Y’all know I love a new year, a clean slate, a fresh calendar, but I’m also really digging the resolution discourse this year. Just as I’ve been getting calendars for Christmas for as long as I can remember, I’ve also been making New Year’s resolutions just as long. And growing up in the 90's hellish diet culture landscape, my top resolution was almost always "lose weight" (yep, even in grade school). This lasted long into my young adulthood too, until I figured out that:

  • Consistency is one of the biggest challenges I’ve had over my entire life, and
  • Extreme over-correction is how I try to make up for my failings at consistency, which means that
  • I almost always just make things worse than before, which never ends well for "lose weight".

I eventually realized I’m more of a goal person who does better better with smaller chunks, so every January I basically just make a To Do List that can be broken out by quarter, month, and even week. Sure, I have the standard “move more” and “eat less sugar” boilerplate resolutions, which are all well and good, but personally I need more specificity and structure if I want to actually accomplish anything. It's boring and basic, I know, but this level of detail gets me further than setting myself up to fail every year with a list of vague items. Bonus: I get the elusive, dopamine-driven satisfaction of checking something off towards a goal multiple times a week.

But truly, the best approach is to do what works best for you, and for a lot of folks, that might mean no resolutions at all! I’m absolutely a fan of this trend, but I came to terms long ago with the fact that I'll probably be writing To Do lists of some sort until my dying breath.
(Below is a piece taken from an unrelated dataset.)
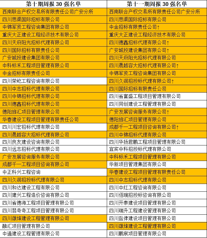 说明:“黄色”单元格为连续两周上榜成渝地区双城经济圈招标代理机构招标数据30强单位。

Detail of Eos, Greek Goddess of the Dawn, riding her chariot across the sky (source)

2023 Is a Chariot Year

And it's time to take the reins, my babes

Not to get too woo-woo on you, but I’m a tarot enthusiast, and I’m pretty pumped that 2023 is a Chariot Year. This is calculated by adding the year's numbers together and reducing to a single digit, which aligns to the archetype on its corresponding card. The Chariot doesn’t get a lot of play in popular media (it’s always Death, The Tower, Three of Swords, and occasionally The Lovers), but it’s one of my favorite cards in the Major Arcana.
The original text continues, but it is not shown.